ROC curves indicate that including the 4 PSA-SNPs using published coefficients does not improve the performance of measured PSA as a tool for identifying high risk prostate cancer (measured PSA level AUC = 59.5% (95% CI: 54.7,64.2) vs genetically corrected PSA risk scores using the 4 PSA-SNPs AUC = 59.8% (95% CI: 55.2,64.5) (p-value = 0.40)) (Fig 2). For a sensitivity of 90%, the ROC curve estimates the corresponding specificity to be 0.14 for measured PSA and 0.13 for genetically corrected PSA risk scores using 4 PSA-SNPs (p-for-difference = 0.83). This is equivalent to having offered biopsy to all men with a measured PSA of 3.3ng/mL (sensitivity = 90.2%, specificity = 14.2%).
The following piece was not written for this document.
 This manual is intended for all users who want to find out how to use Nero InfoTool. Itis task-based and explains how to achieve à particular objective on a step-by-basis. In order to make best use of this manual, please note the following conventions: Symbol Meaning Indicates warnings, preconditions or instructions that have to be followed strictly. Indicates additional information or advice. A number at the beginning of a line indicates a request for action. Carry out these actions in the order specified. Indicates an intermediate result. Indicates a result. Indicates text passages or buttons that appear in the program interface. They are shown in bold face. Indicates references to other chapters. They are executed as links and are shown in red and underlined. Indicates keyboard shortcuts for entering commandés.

Fig 2. ROC curves comparing measured PSA to genetically corrected PSA risk score using the 4 PSA-SNPs.

Fig 2

Area under the curve (AUC) comparing measured PSA, genetically corrected PSA risk score based on 4 PSA-SNPs using the published coefficients and PSA risk score corrected for both 4 PSA-SNPs and 10 aggressive prostate cancer SNPs using published coefficients.
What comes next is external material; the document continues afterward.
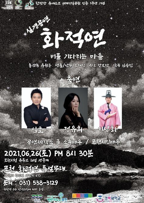 포천시와 경기문화재단은 오는 26일 저녁 8시 30분부터 화적연 야외무대에서 창작 실경공연 '화적연: 비를 기다리는 마을'을 개최한다고 밝혔다.

Including the combined effect of prostate cancer risk variants

ROC curves indicate that additionally including the 10 PSA-SNPs did not improve the performance of measured PSA as a tool for identifying high risk prostate cancer (measured PSA level AUC = 59.5% (95% CI: 54.7,64.2) vs additionally including the 4 PSA-SNPs and 10 aggressive prostate cancer SNPs AUC = 60.1% (95% CI: 55.5,64.9) (p-value = 0.43)) (Fig 2). For a sensitivity of 90%, the equivalent specificity and likelihood ratios were: (i) measured PSA: specificity = 14.2%, LR = 1.05; (ii) 4 PSA-SNPs: specificity = 13.3%, LR = 1.04; (iii) 10 aggressive prostate cancer SNPS: specificity = 5.8%, LR = 0.96; and (iv) both (ii) and (iii): specificity = 16.8%, LR = 1.08.

Sensitivity Analyses

Stratifying the analysis by age (<65years, ≥65 years) did not improve the performance of measured PSA or genetically corrected PSA risk scores as a tool for identifying high risk prostate cancer (measured PSA level: AUC in men<65 years = 57.8% (95% CI: 51.7,63.9), AUC in men≥65 years = 61.2% (95% CI: 53.7,68.7), p-for-difference = 0.49; genetically corrected PSA risk score using 4 PSA-SNPs: in men<65 years = 58.0% (95% CI: 51.9,64.1), AUC in men≥65 years = 62.0% (95% CI: 54.6,69.4), p-for-difference = 0.41). Adding additional SNPs associated with PSA did not improve the model and so were not considered further (results not shown). Including the 4 PSA-SNPs individually did not improve performance (rs2736098: AUC = 59.6% (95% CI: 54.8,64.3); rs10788160: AUC = 59.4% (95% CI: 54.7,64.2); rs11067228: AUC = 59.3% (95% CI: 54.5,64.0); rs17632542: AUC = 59.9% (95% CI: 55.2,64.6)).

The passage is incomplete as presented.